What futures to trade and how to choose them

As an investor, you have many options when it comes to futures. With so many choices, knowing which ones to trade and how to choose them can be challenging.

Factors to consider when choosing a future to trade

Investment Goals

Before you begin trading futures, it is essential to have a clear understanding of your investment goals. Are you looking to generate income, protect against inflation, or speculate on the price of a commodity? Different futures contracts will be more suitable for different goals.

Risk Tolerance

Another vital factor to consider is your risk tolerance. Futures trading in Australia can be risky, and you should only trade with money you are willing to lose. Ensure you understand the risks involved before trading.

Time Horizon

Your time horizon is also an important consideration. Some futures contracts have longer terms than others. If you are investing long-term, you may want to choose a contract with a longer-term

Commodity Prices

Of course, you should also consider the prices of the commodities you are interested in. If prices are high, you may want to sell contracts; if prices are low, you may want to buy contracts.

Your Brokerage

When choosing a futures contract, you should also consider the brokerage you will be using. Some brokerages charge higher fees than others, and some offer different features and services. Make sure to compare brokerages before making a decision.

What futures are available in Australia?

The ASX 200

The ASX 200 is an index measuring the performance of the 200 largest companies on the Australian Stock Exchange. It is one of the most popular futures contracts traded in Australia.

The S&P/ASX 200

The S&P/ASX 200 is a stock market index that measures the accomplishments of the 200 companies listed on the ASX. It is one of the most popular futures contracts traded in Australia.

The All Ordinaries Index

The All Ordinaries Index is a stock market index that includes all companies listed on the Australian Stock Exchange. It is one of the most commonly used benchmarks for the Australian stock market.

The AUD/USD

The AUD/USD is a currency pair representing the Australian dollar’s value against the US dollar. It is one of the most popular currency pairs traded in Australia.

Gold

Gold is a precious metal used as an investment and a store of value. It is one of the most favoured commodities traded in Australia.
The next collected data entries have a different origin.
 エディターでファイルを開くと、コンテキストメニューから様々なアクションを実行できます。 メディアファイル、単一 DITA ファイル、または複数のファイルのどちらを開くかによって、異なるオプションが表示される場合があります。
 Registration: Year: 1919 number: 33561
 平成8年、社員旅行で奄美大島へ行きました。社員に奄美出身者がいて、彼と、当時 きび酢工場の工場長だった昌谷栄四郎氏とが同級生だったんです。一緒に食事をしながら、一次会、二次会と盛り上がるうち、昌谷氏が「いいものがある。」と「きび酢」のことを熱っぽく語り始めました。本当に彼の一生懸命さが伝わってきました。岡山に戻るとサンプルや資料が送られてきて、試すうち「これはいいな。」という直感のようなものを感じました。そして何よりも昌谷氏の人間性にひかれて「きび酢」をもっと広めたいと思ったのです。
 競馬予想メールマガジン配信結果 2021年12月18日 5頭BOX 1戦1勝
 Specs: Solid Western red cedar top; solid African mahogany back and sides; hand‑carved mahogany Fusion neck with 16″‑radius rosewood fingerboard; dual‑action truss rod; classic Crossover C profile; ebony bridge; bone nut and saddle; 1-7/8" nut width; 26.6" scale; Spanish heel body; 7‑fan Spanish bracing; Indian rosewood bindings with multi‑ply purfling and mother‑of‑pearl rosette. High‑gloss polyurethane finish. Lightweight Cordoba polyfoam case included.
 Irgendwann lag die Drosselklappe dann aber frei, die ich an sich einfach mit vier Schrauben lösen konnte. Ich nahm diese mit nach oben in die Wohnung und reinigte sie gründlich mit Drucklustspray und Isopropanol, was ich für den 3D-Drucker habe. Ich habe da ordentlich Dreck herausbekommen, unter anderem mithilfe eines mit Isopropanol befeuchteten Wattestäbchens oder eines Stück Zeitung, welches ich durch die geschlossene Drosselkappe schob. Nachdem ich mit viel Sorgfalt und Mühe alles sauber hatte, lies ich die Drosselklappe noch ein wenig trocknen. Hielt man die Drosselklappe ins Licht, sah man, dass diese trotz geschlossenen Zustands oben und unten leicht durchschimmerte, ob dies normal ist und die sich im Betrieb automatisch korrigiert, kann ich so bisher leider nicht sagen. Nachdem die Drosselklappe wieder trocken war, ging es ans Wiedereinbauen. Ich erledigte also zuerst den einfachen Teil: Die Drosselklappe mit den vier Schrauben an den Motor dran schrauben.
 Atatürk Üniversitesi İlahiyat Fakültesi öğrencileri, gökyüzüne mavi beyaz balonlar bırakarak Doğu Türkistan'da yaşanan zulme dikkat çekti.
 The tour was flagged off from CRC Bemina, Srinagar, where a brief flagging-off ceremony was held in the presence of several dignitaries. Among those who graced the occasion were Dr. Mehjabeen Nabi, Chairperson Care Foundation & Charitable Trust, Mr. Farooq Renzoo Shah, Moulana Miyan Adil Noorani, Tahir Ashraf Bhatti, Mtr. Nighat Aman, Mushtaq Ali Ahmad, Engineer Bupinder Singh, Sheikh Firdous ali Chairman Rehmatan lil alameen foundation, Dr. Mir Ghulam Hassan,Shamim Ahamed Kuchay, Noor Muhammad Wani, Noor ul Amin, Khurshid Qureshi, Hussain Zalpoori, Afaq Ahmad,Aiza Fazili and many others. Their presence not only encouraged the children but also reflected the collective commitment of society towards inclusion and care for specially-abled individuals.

Benefits of trading futures

Leverage

One of the main benefits of futures trading is leverage. Leverage allows you to control many contracts with a small amount of capital. It can provide the potential for large profits but also comes with the risk of significant losses.

Low Costs

You can trade futures with low costs. Some brokerages charge no commissions on futures trades. And even if commissions are charged, they are usually much lower than those charged for other types of trading.

Diversification

Futures trading can also help to diversify your investment portfolio. You can gain exposure to different asset classes and sectors by including futures in your portfolio, which can help to reduce risk and improve returns.

Access to global markets

Futures trading allows you to trade in global markets. It can provide access to opportunities that would otherwise be unavailable.

Flexibility

Another benefit of futures trading is that it offers a high degree of flexibility. Many different types of futures contracts are available, and you can choose the ones that best suit your investment goals.

Risks of trading futures

Volatility

Futures trading is risky due to the volatility of the markets. Prices can move up or down rapidly, leading to significant losses.

Margin calls

Another risk of futures trading is a margin call, which is when your broker asks you to transfer more money into your account to cover losses. If you cannot meet the margin call, your position may be liquidated at a loss.

Leverage

Leverage is a double-edged sword. While it can provide the potential for large profits, it also risks significant losses. Therefore, you should only trade with money you can afford to lose.